British Rail trolley










Semaphore signal





Towards Croxley Green










Part of an old telephone handset


----------



## Kaputnik (Oct 20, 2008)

Weird that they left the street level signs up, the undergrowth seems to be doing it's best to hide the place well!


----------



## LiamCH (Oct 20, 2008)

The reason they left the signs up is because the station never officially closed. In fact, you can still buy tickets online for it, and a number of rather silly people have.

Is it just me, or has that sign been cleaned since my visit? How very odd.


----------



## TK421 (Oct 20, 2008)

Really liking your Croxley Green and Watford posts, I work for the railway and had completley forgotten about this line being mothballed, its a fascinating reminder of how quickly nature begins to take over.


----------



## skittles (Oct 20, 2008)

Did the train ever come?

nature has taken over quickly, you would not think it was only 12 years

Is their no buildings

nice pics


----------



## RedDave (Oct 20, 2008)

Didn't know this line existed. Nice find! I might have a look myself some time.


----------



## spacepunk (Oct 21, 2008)

I used to live in London and travelled on this line. Great find.


----------



## the_delta_force (Oct 21, 2008)

Thanks.

All the stations were unstaffed so no buildings. I gave up waiting after a while.





skittles said:


> Did the train ever come?
> 
> nature has taken over quickly, you would not think it was only 12 years
> 
> ...


----------



## LiamCH (Oct 21, 2008)

the_delta_force said:


> All the stations were unstaffed so no buildings. I gave up waiting after a while.
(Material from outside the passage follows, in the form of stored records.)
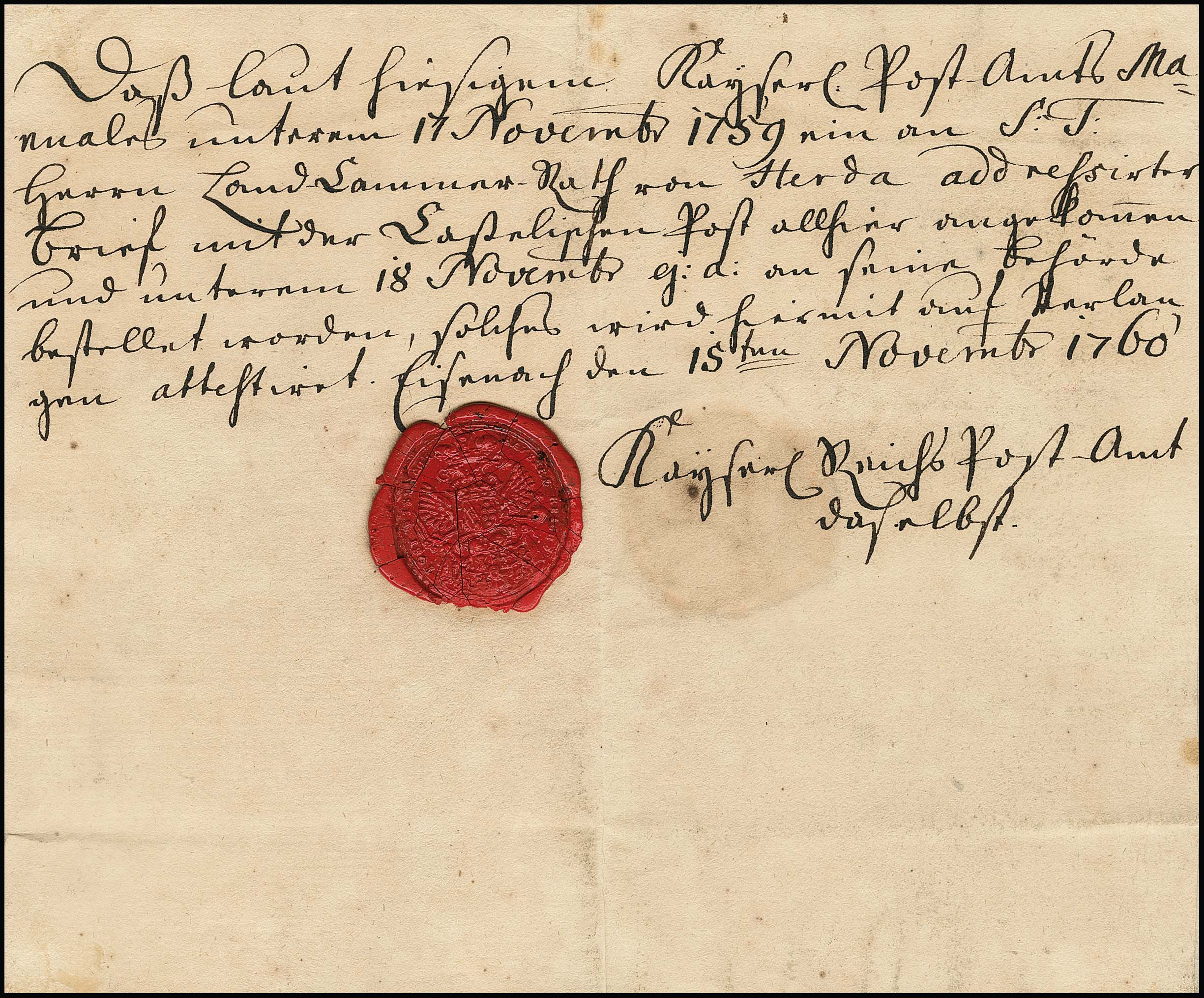 "Eisenach", 1760, dekor. großformatige handschriftliche Bescheinigung "kayserl. Reichs Post-Amt daselbst" über die Ankunft und richtige Bestellung eines Briefes (seltener Vorläufer einer Recepisse), zusätzlich ungewöhnlich großes rotes Lacksiegel der Reichspost
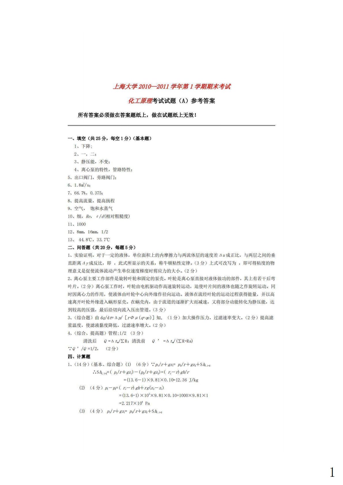 上海大学852化工原理2010-2011学年第1学期期末考试A卷答案
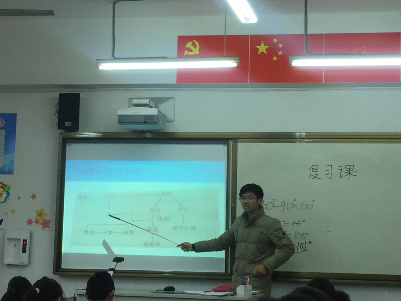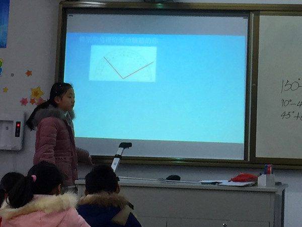 2019年1月9日,四年级部谢晶晶老师执教了一节组内课《第八单元(复习)》。让学生理解三线的异同点。从三线出发建立了本单元的结构。通过线段认识到连接两点的线段长度是这两点间的距离,解决了两点间的移动问题。接着复习了射线,从一点出发的两条射线可以组成角,角的复习内容主要有角的度量和角的分类。学生在通过定标准、去测量、得结果思路找到了度量方法,通过两点对齐、两线对齐、从0开始就能准确的度量角度的大小。最后通过分类重新回忆了两条直线的位置关系,用幽默风趣的语言让孩子们在快乐的氛围中学习。
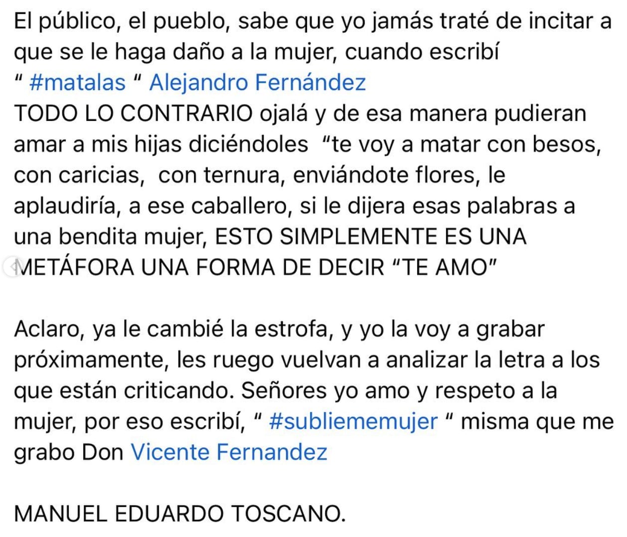 “El público, el pueblo, sabe que yo jamás traté de incitar a que se le haga daño a la mujer, cuando escribí Mátalas (...). Todo lo contrario, ojalá y de esa manera pudieran amar a mis hijas diciéndoles ‘te voy a matar con besos, con caricias, con ternura, enviándote flores’; le aplaudiría, a ese caballero, si le dijera esas palabras a una bendita mujer”, escribió Toscano en el comunicado, que compartió en su cuenta de Instagram.
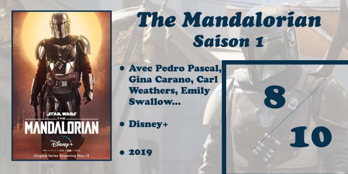 J’en suis donc le premier ravi : The Mandalorian est une bien belle surprise. Là où j’attendais une série qui aurait plus fait office de VRP pour Disney+ qu’autre chose, je me suis retrouvé avec une saison riche et bien menée, portée en grande partie par la très bonne écriture de chacun de ses épisodes (à peu de choses près). Jon Favreau a su livrer un format prenant et enthousiasmant, assez éloigné des standards actuels des « grosses » séries et qui prouve formidablement bien qu’il ne faut pas nécessairement faire dans la grandiloquence pour offrir quelque chose de captivant et même touchant pour le public. The Mandalorian se trouve alors guidée par cette vision des choses et arrive sans aucun souci à conduire son fil principal tout du long de la saison mais en laissant la part belle dans chaque chapitre aux intrigues et personnages secondaires, essentiels au développement de l’ensemble et de son personnage principal. On n’aura pas eu Boba Fett mais ce Mandalorien là n’a rien à lui envier.
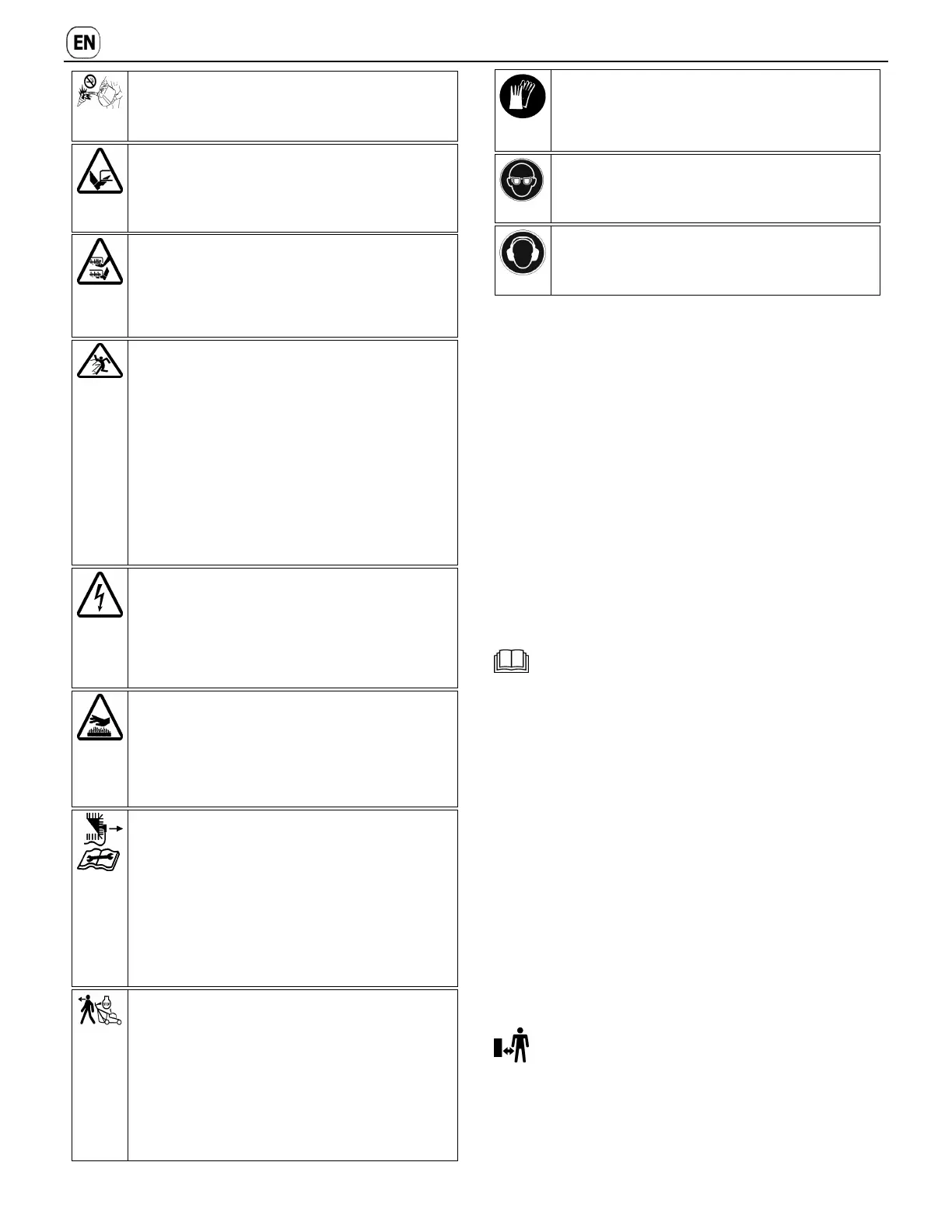 Only start the engine when standing behind the device.
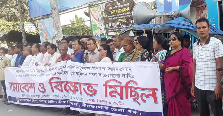 বর্তমান সরকারি দলের নির্বাচনী প্রতিশ্রুতি ও অঙ্গীকারসমুহ বাস্তবায়নের দাবিতে নীলফামারীতে মানববন্ধন সমাবেশ করেছে বাংলাদেশ হিন্দু- বৌদ্ধ-খ্রিস্টান-ঐক্য পরিষদ নীলফামারী জেলা শাখা। আজ শনিবার বিকেলে(১৬জুলাই) শহরের চৌরঙ্গী মোড়ে এই মানববন্ধন কর্মসুচি পালন করা হয়। মানববন্ধন শেষে অনুষ্ঠিত সমাবেশে সভাপতিত্ব করেন বাংলাদেশ হিন্দু- বৌদ্ধ-খ্রিস্টান-ঐক্য পরিষদ নীলফামারী জেলা শাখার সভাপতি খোকারাম রায়। সমাবেশে বক্তব্য দেন সংগঠনের সাধারণ সম্পাদক মৃণাল কান্তি রায়।তিনি সকলের উদ্দেশ্য বলেন বাংলাদেশ একটি ধর্মনিরপেক্ষ দেশ এদেশে সকলের সমান অধিকার আছে।

Originally, there was a building. It's amazing how they spent all the money demolishing this building and replacing the brickwork for an unmanned station, when it would close just a few years later.

http://www.lostlines.fotopic.net/p24722131.html


----------



## sqwasher (Oct 21, 2008)

Really enjoyed your couple of reports of these abandoned stations guys!  Nature is really taking over-it would be interesting to see it again in winter with less vegatation maybe?


----------



## thompski (Oct 21, 2008)

Agreed with what's said, its interesting to see recently redundant railway remains then the usual 1960s closures and relics of the steam era.


----------



## Goldie87 (Oct 21, 2008)

Nice one, interesting to see all that stuff laying around


----------



## the_delta_force (Oct 21, 2008)

That's going back a bit, I completely forgot about this website. Thanks for posting the link. 



LiamCH said:


> Originally, there was a building. It's amazing how they spent all the money demolishing this building and replacing the brickwork for an unmanned station, when it would closed just a few years later.
> 
> http://www.lostlines.fotopic.net/p24722131.html


----------



## orientfan16 (Sep 21, 2009)

Apparently this station has more tickets purchased to it than a couple of stations are still in use, with real trains calling at them!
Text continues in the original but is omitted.